Binnen een maand na het uitgaan van de oproep werden op een vroege ochtend de gezanten hardhandig uit bed gehaald en meegenomen naar de tweehonderd voet hoge muren, vanwaar ze een onbelemmerd uitzicht hadden over de Straat van Sitka enerzijds, Revenstoke Baai ten westen en de klippen van Gralle’s Tanden ertussenin. Aan de landzijde wachtte hen een tiental regimenten van elk vijfduizend soldaten op, netjes opgesteld in carrévorm, volledig uitgerust en met een goederentrein van vele honderden karren, klaar om te vertrekken naar de eerstvolgende veldslag.
De gezanten van Hoog-Cranborn, Fallora, Marnara en Kamroth waren onder de indruk. Een regiment gildesoldaten was een formidabele krijgsmacht, tien regimenten was een legendarische hoeveelheid soldaten zoals zelden gezien na de Banning. Nadat het goed tot hen was doorgedrongen welk een organisatorisch genie er achter het in stilte verzamelen en opstellen van deze troepen zat, nog afgezien van het immense krijgspotentieel dat hier voor hen verzameld was, kregen ze de volgende schok te verwerken.

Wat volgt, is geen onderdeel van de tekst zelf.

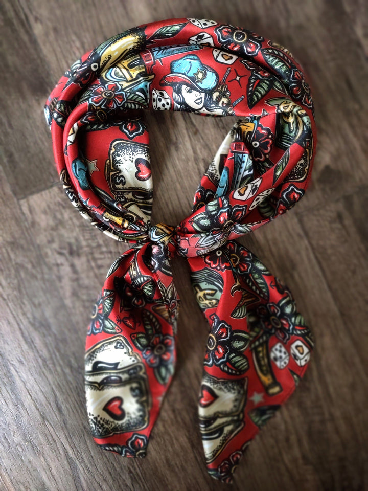 Wild Rag 100% SILK Deep Red Wild West Saloon Casino Cowboy Western Neck Scarf Bandanna by Double B Wild Rags

Overste Hardin stapte de muren op, gevolgd door de raad van wijze veteranen met wie de gezanten eerder gesproken hadden. Hardin was nooit in velden of wegen te zien geweest. Hij zag eruit als een verweerd stuk leer op twee benen en de soldaten die hem kenden beweerden dat hij nog veel taaier was. Hardin was een veteraan van vele veldslagen in het buitenland en zijn overwinningen waren legendarisch. Hoewel de man tegen de zeventig jaar oud moest zijn, was zijn pas krachtig en vastberaden en hing er nog steeds een maliënkolder rond zijn lichaam en een rapier aan zijn linkerzijde. Zijn blik leek waterig maar was nog steeds zo scherp als een Priemstekel.